■ Task ■
Pull out the lines from the one containing "二橋大聖さんの総運は34画の2点!" through the final line of the listing below and repeat them exactly. Leave the pictures behind.

■ Dataset extract ■

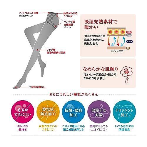【プレミアムなはき心地、つつみこみ暖かさ】110デニールタイツです。柔らかい生地でなめらかな肌触りと、フィット感アップで快適なはき心地を実現しました。 レッグ部には吸湿性に優れた素材を使用し、体から放出された水蒸気を吸収し発熱します。 ・吸湿発熱素材使用 ・パンティ部立体設計 ・ゴム跡が残りにくいソフトウエスト ・毛玉ができにくい ・抗菌防臭加工 ・部屋干し対策 ・帯電防止加工 ・椿オイル配合柔軟 ・デオドラント加工 ・つま先切替なし ・2足組
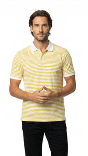 Brighten up your summer wardrobe with The Solaris Stripe Polo, a perfect fusion of cool comfort and refined style. Made from 100% pure cotton, this lightweight polo features a vibrant yarn-dyed pattern of white and yellow stripes, designed to keep you looking fresh and feeling cool even on the hottest days.
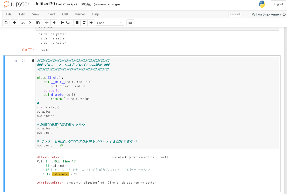 ########################################## ### デコレーターによるプロパティの設定 ### ########################################## class Circle(): def __init__(self, radius): self.radius = radius @property def diameter(self): return 2 * self.radius # c = Circle(5) c.radius c.diameter # 属性は自由に書き換えられる c.radius = 7 c.diameter # セッターを指定しなければ外部からプロパティを設定できない c.diameter = 20
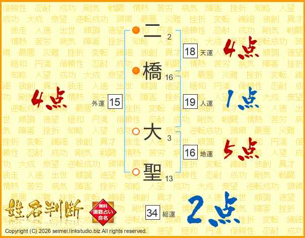 二橋大聖さんの総運は34画の2点!
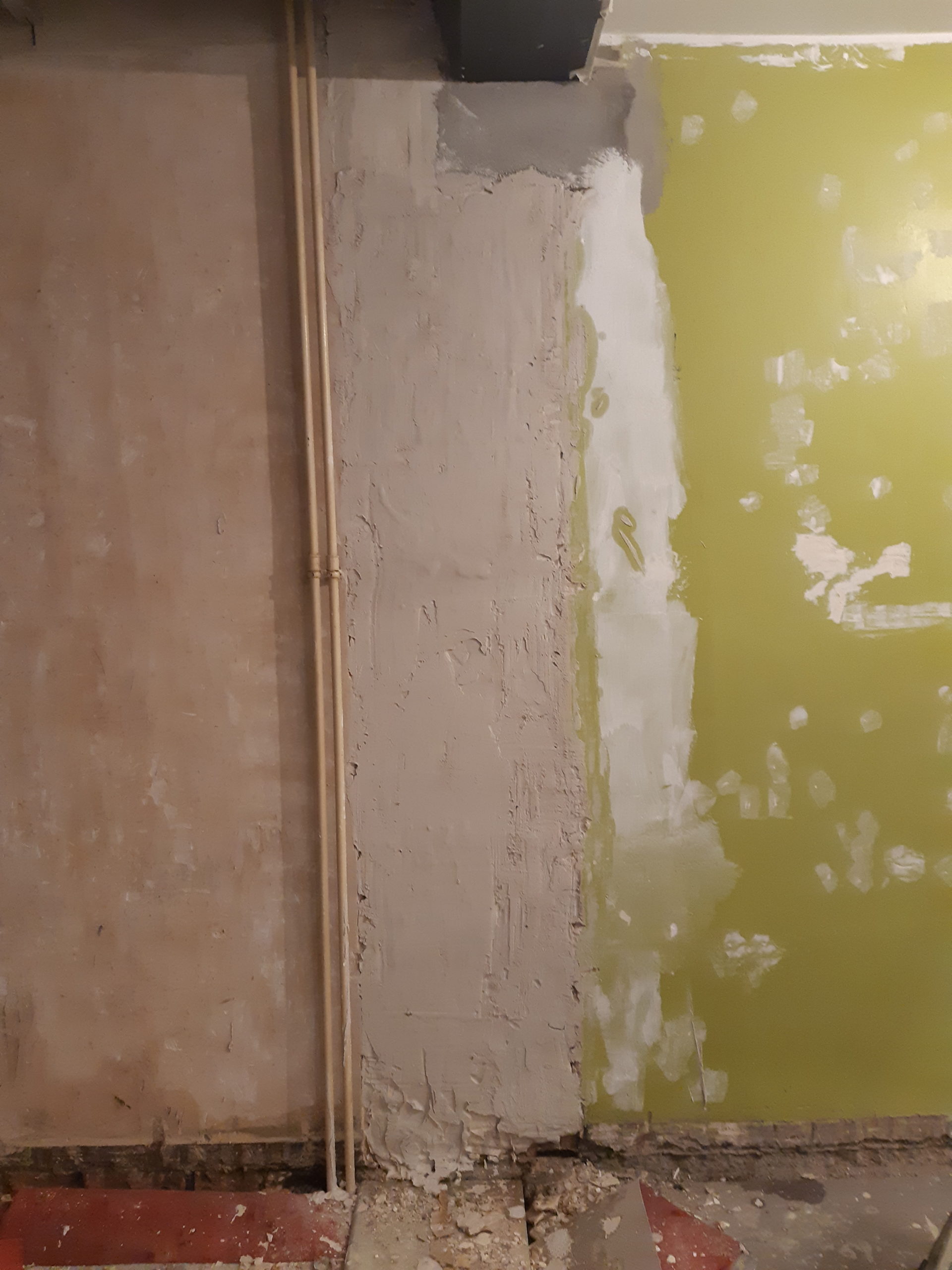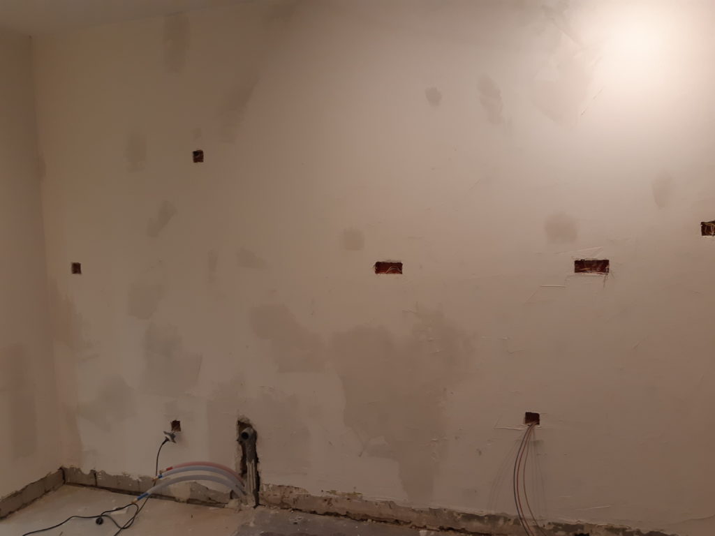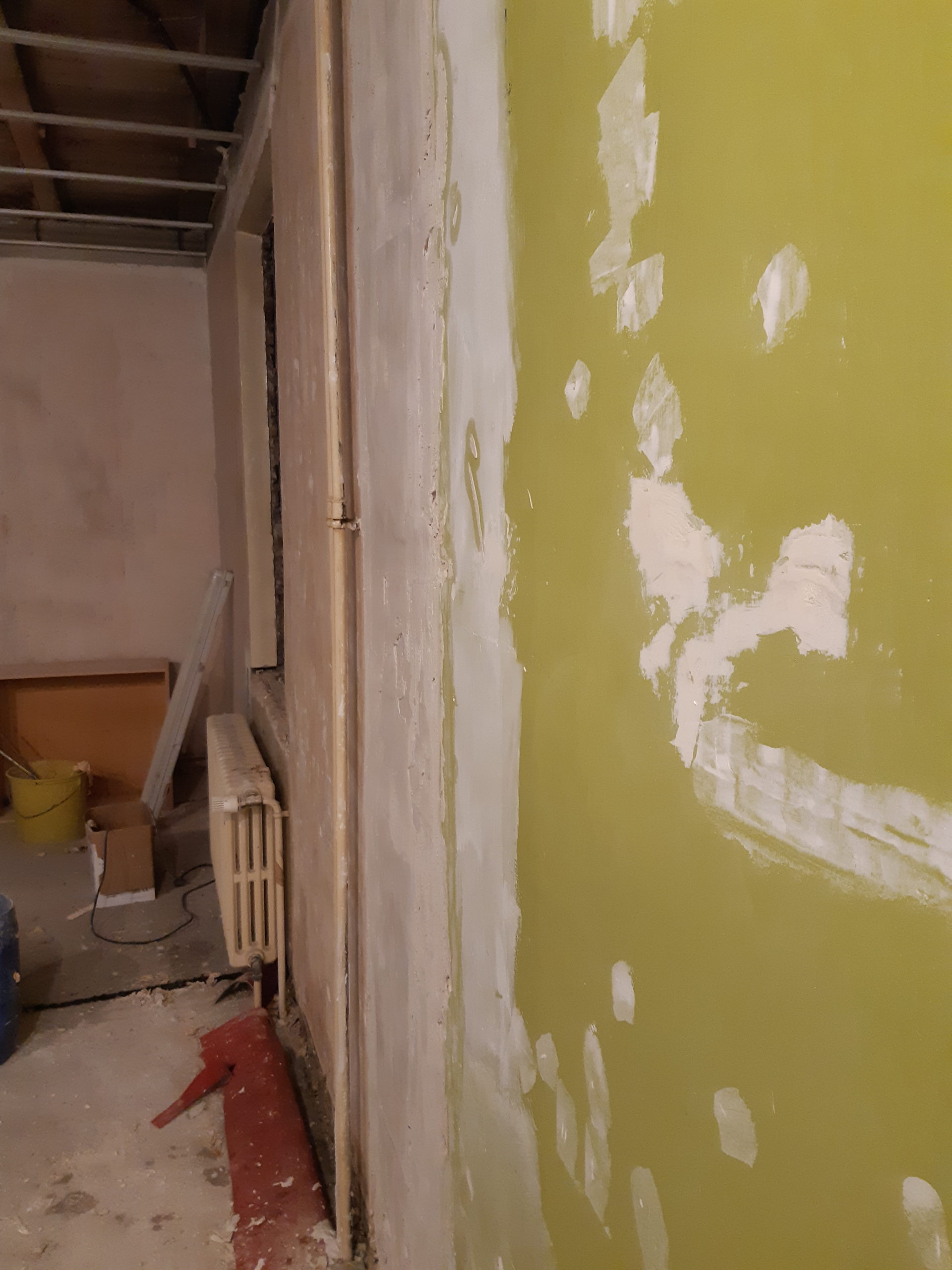 Enduits sur les murs, sûrement la fin avant le ponçage

■ The completed task ■
 二橋大聖さんの総運は34画の2点!
 Enduits sur les murs, sûrement la fin avant le ponçage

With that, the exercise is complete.